January 27 to March 13, 2011
Lubrizol’s Board of Directors engages in various discussions and negotiations with Berkshire Hathaway regarding the terms of the acquisition. While the details are of interest in terms of understanding Berkshire’s approach to acquisitions, they are not directly related to the question of Mr. Sokol’s transactions in Lubrizol stock.
March 13, 2011
Berkshire’s Board convened a special meeting and unanimously approved the transaction. Berkshire Hathaway and Lubrizol executed and delivered the merger agreement.
March 14, 2011
Berkshire Hathaway and Lubrizol issue a joint press release announcing the transaction on Monday, March 14. Lubrizol stock closes at $134.68 on March 14, up $29.24 from its close on Friday, March 11. Assuming Mr. Sokol still held the shares of Lubrizol acquired on January 5, 6, and 7, the value of his holdings advanced by $2.8 million.
March 19, 2011
Shortly before leaving for his trip to Asia on March 19, Mr. Buffett “learned that Dave first purchased 2,300 shares of Lubrizol on December 14, which he then sold on December 21. Subsequently, on January 5, 6 and 7, he bought 96,060 shares pursuant to a 100,000-share order he had placed with a $104 per share limit price.” Note that Mr. Buffett does not say how he learned of the transaction so we do not know if Mr. Sokol provided this information or if Mr. Buffett learned about it from other sources.
March 25, 2011
Lubrizol’s proxy statement is released describing Mr. Sokol’s involvement in negotiating the transaction. However, there is no mention of Mr. Sokol’s personal ownership of Lubrizol stock in the proxy statement.
March 28, 2011
Mr. Buffett “received a letter of resignation from Dave, delivered by his assistant.”
March 30, 2011
Mr. Buffett announces Mr. Sokol’s resignation.

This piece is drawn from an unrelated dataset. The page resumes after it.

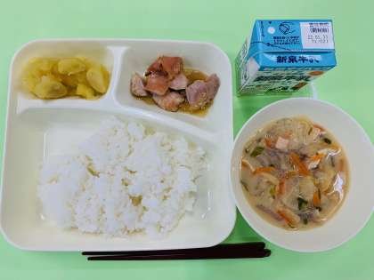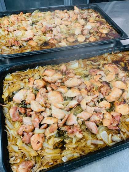 鶏肉の甘辛焼きは、鶏肉に料理酒、砂糖、みりん、こい口しょうゆで下味をつけた後、そこへたまねぎを加えて、焼き物機で焼いています(右写真参照)。ごはんが進み、人気の献立でした。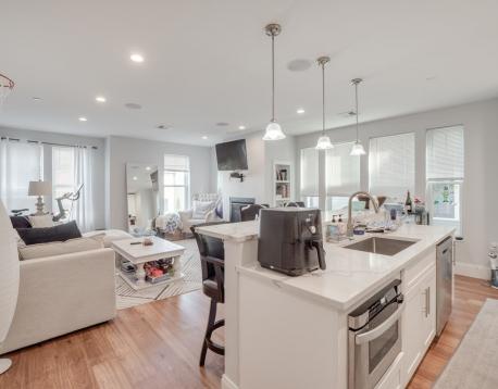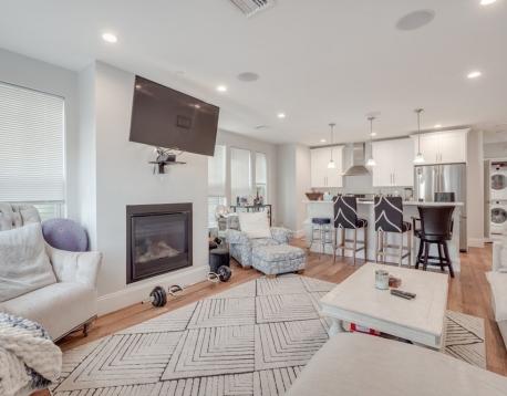 AVAIL 9/1/26 Be the 2nd person to live in this beautiful newly constructed unit with a 30-unit mixed-use building, complete with ultra luxurious finishes including steam showers, fireplaces, quartz countertops, high end appliances (inc. wine cooler), central air, on-demand high efficient HW heaters, built-in Bluetooth speakers, elevator service and more. This is a great corner unit at the front of the building on the 3rd floor with TONS of natural light. Full size W&D in-unit. Great location with access to public transit, bars and restaurants. Garage parking spots are available for an additional fee of $465 per month.

Regardless of Legal Status, Actions Reveal Poor Judgment
Mr. Buffett clearly states in the press release that neither he nor Mr. Sokol consider the transactions in question to be illegal and presumably Berkshire’s legal counsel has been involved in ascertaining the situation as well. We will put forward no particular opinion regarding whether the transactions in question can be considered insider trading other than to note that the timeline of events reveal that Mr. Sokol made his purchases far before it became clear that Berkshire would be making an offer for Lubrizol.

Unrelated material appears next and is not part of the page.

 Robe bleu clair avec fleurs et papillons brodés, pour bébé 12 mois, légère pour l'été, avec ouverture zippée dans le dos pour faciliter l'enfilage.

However, regardless of the question of whether the transactions were legal, we believe that they displayed extremely poor judgment on Mr. Sokol’s part for several reasons:
First, Lubrizol’s proxy clearly indicates that Mr. Sokol was engaged with Citi to search for potential deals as a representative of Berkshire Hathaway rather than as a private investor. Although it appears that Mr. Sokol has considerable personal assets to manage, he should not have combined his search for personal investments with securities that he thought could be potential acquisition candidates for Berkshire. It is obvious that such transactions would appear to be questionable even if they are not illegal should Berkshire take an interest in the investment candidate and eventually initiate a transaction. As Mr. Buffett has said on numerous occasions, it is best to stay far away from any “gray lines” when it comes to legal or ethical matters.

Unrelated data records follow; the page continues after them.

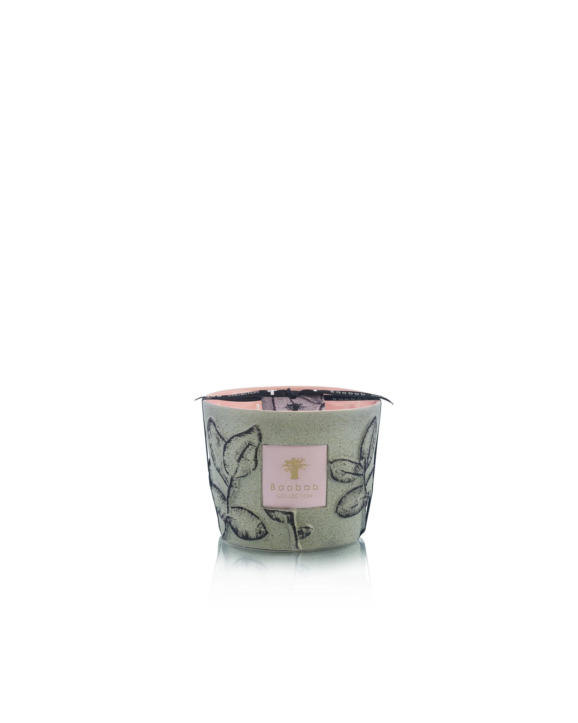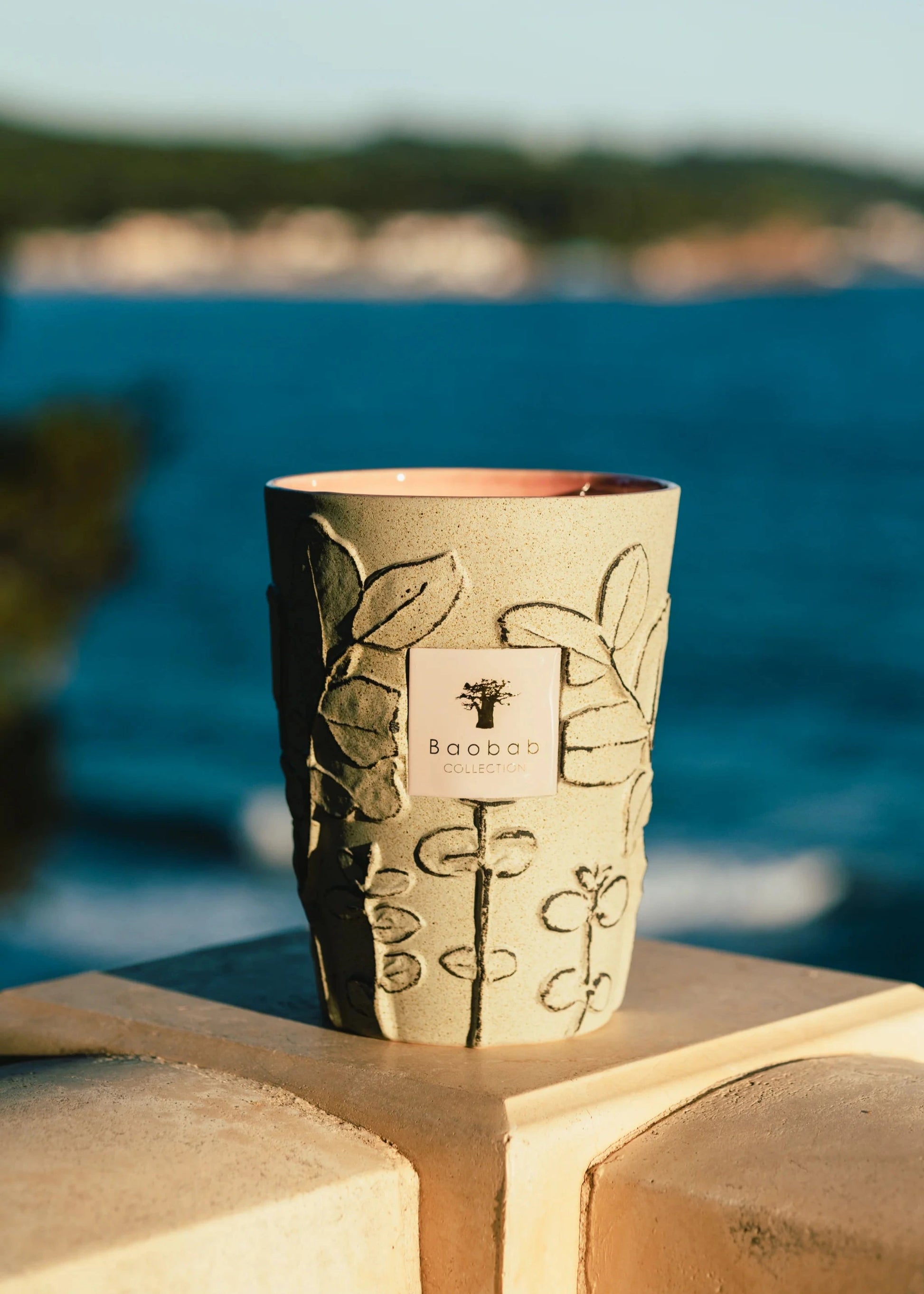 La bougie parfumée Maquis a été réalisée dans une céramique artisanale fabriquée à la main au Portugal. L’émail mat et vert chiné qui recouvre la céramique est contrasté par un intérieur émaillé en rose brillant.
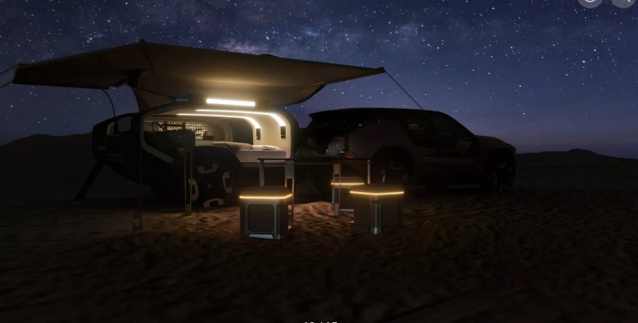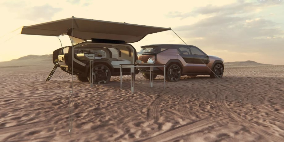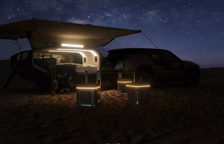 Концепт комплектується краплеподібним трейлером з великими колесами та високим кліренсом. Усередині: велике двоспальне ліжко, зони для зберігання, мінікухня, атмосферне підсвічування з легким sci-fi ефектом і навіть душова кабіна.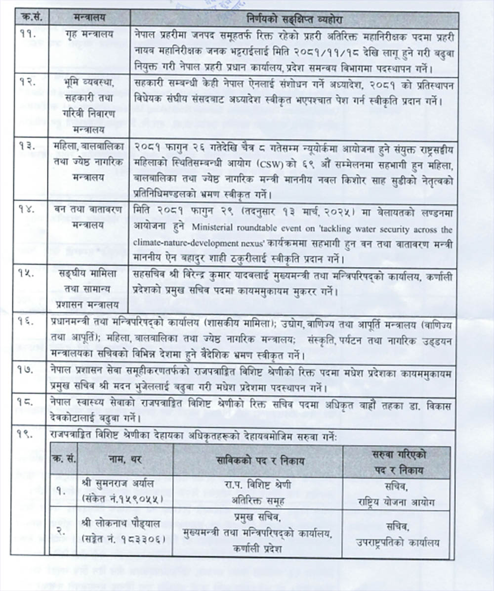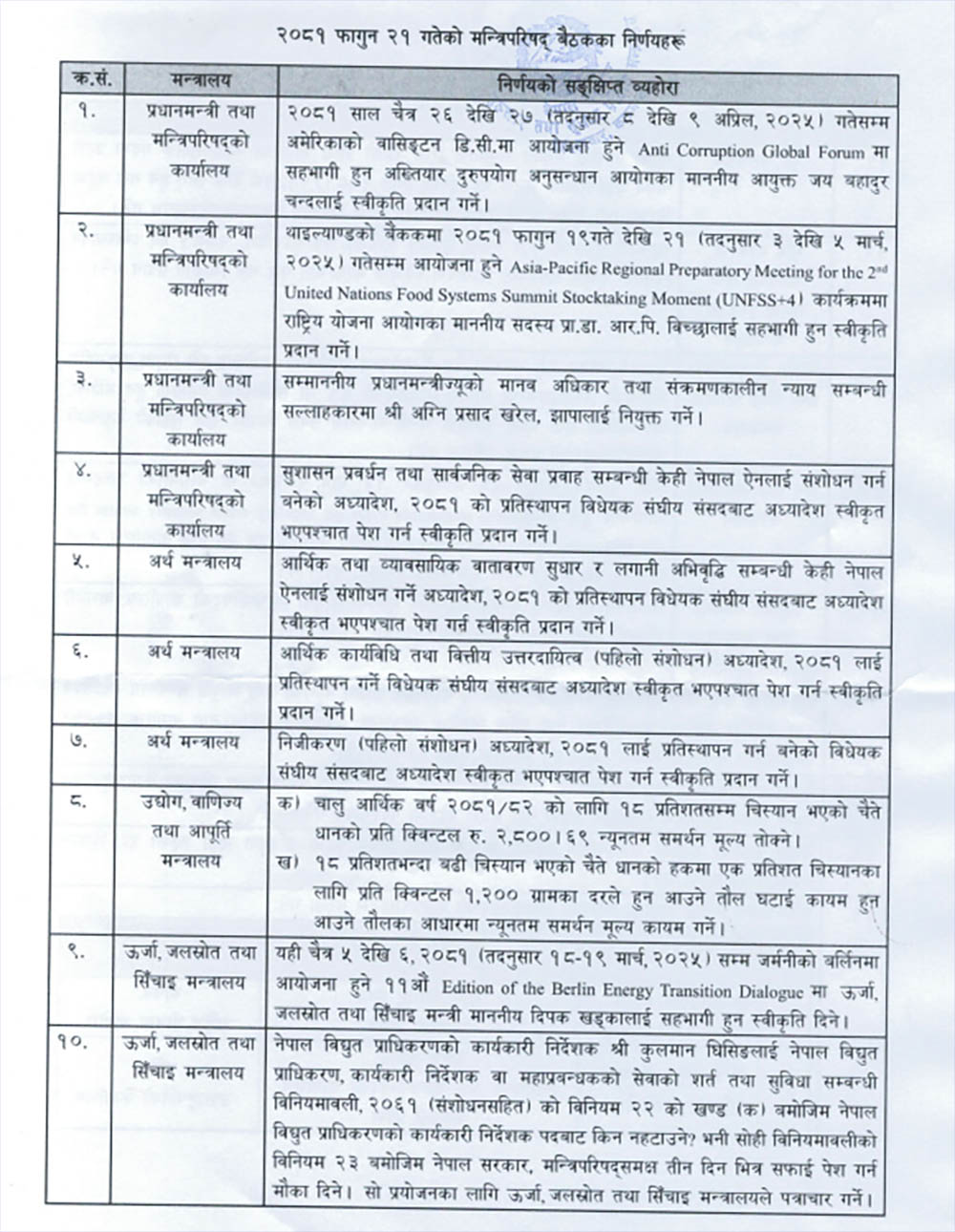 काठमाडौँ । सरकारका प्रवक्ता एवं सञ्चार तथा सूचना प्रविधिमन्त्री पृथ्वी सुब्बा गुरुङले मन्त्रिपरिषद्को बैठकका निर्णयहरु सार्बजनिक गरेका छन् ।शुक्रबार मन्त्री गुरुङले सञ्चार मन्त्रालयमा आयोजित कार्यक्रममा फागुन २१ गते बसेको मन्त्रिपरिषद्को बैठकका निर्णयहरु सार्बजनिक गरेका हुन् ।मन्त्रिपरिषद्को बैठकले गरेका विभिन्न १९ निर्णयहरु सार्बजनिक गरिएको छ ।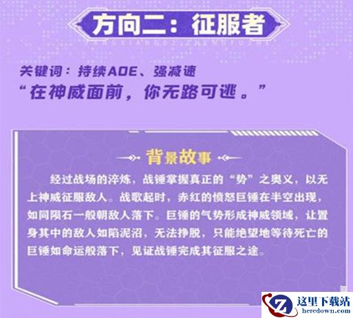 刚猛霸道,以力服人,坦度够高,承伤能力强大,有很多解控技能,自带护盾防御,同时具有较高的输出能力,进能一锤击杀,退能持续增伤。

Second, although Mr. Sokol did tell Mr. Buffett about his ownership of Lubrizol shares when he initially approached Mr. Buffett with the idea on January 14 or 15, he did not volunteer information regarding either the size of his ownership or the date of his investment. Although Mr. Buffett did not ask him for this information, Mr. Sokol should have disclosed the specifics given that he made the purchase only a few days earlier. Such information is clearly material not only because of any legal or ethical issues should Berkshire make an acquisition but also because it could influence Mr. Sokol’s judgment when making recommendations to Mr. Buffett.
Third, it was inappropriate for Mr. Sokol to continue taking the lead on the transaction given the size of the stake and the recent date of his purchases. For Mr. Sokol to continue discussions with Mr. Hambrick on January 25 and to then pitch the deal to Mr. Buffett again shortly thereafter involved a clear conflict of interest. Although Mr. Sokol had no control or input regarding the price Berkshire would offer, he obviously knew that some type of control premium would be required and that any acceptable deal would occur at a price far above his recent cost basis in the shares. There was a clear conflict of interest in continuing to be involved and to recommend the deal to Mr. Buffett.
Considerable Accomplishments Forever Tainted by Controversy
In Berkshire Hathaway’s 2010 annual report, Mr. Buffett included a letter he sent to all Berkshire managers which contained the following advice:
If you see anything whose propriety or legality causes you to hesitate, be sure to give me a call. However, it’s very likely that if a given course of action evokes such hesitation, it’s too close to the line and should be abandoned. There’s plenty of money to be made in the center of the court. If it’s questionable whether some action is close to the line, just assume it is outside and forget it.
We cannot help but feel profound disappointment regarding today’s announcement both in terms of Berkshire losing a very talented executive and the poor judgment displayed in the matter. David Sokol has been controversial in the past, particularly related to the actions he took to restore NetJets to profitability. However, Mr. Buffett has been steadfast in his praise for Mr. Sokol’s leadership and reiterated this praise in today’s news release.
Mr. Buffett writes that he did not personally ask Mr. Sokol to resign and that, when asked, Mr. Sokol stated that he did not submit his resignation due to the Lubrizol situation. We have no reason to doubt Mr. Buffett’s honesty in making these statements, although we note that it is very possible that other Berkshire Directors acting of their own volition spoke to Mr. Sokol about the situation and may have reacted very negatively. It is obvious that everyone involved would have preferred Mr. Sokol’s departure from Berkshire to occur under more positive conditions. As things stand, even if these transactions turn out to be perfectly legal, it is almost certain that Mr. Sokol’s considerable accomplishments at Berkshire will always be accompanied with a footnote regarding the controversy surrounding his departure. This is an unfortunate outcome for a manager who has provided Berkshire with tremendous value over the years.
Disclosure: Long Berkshire Hathaway.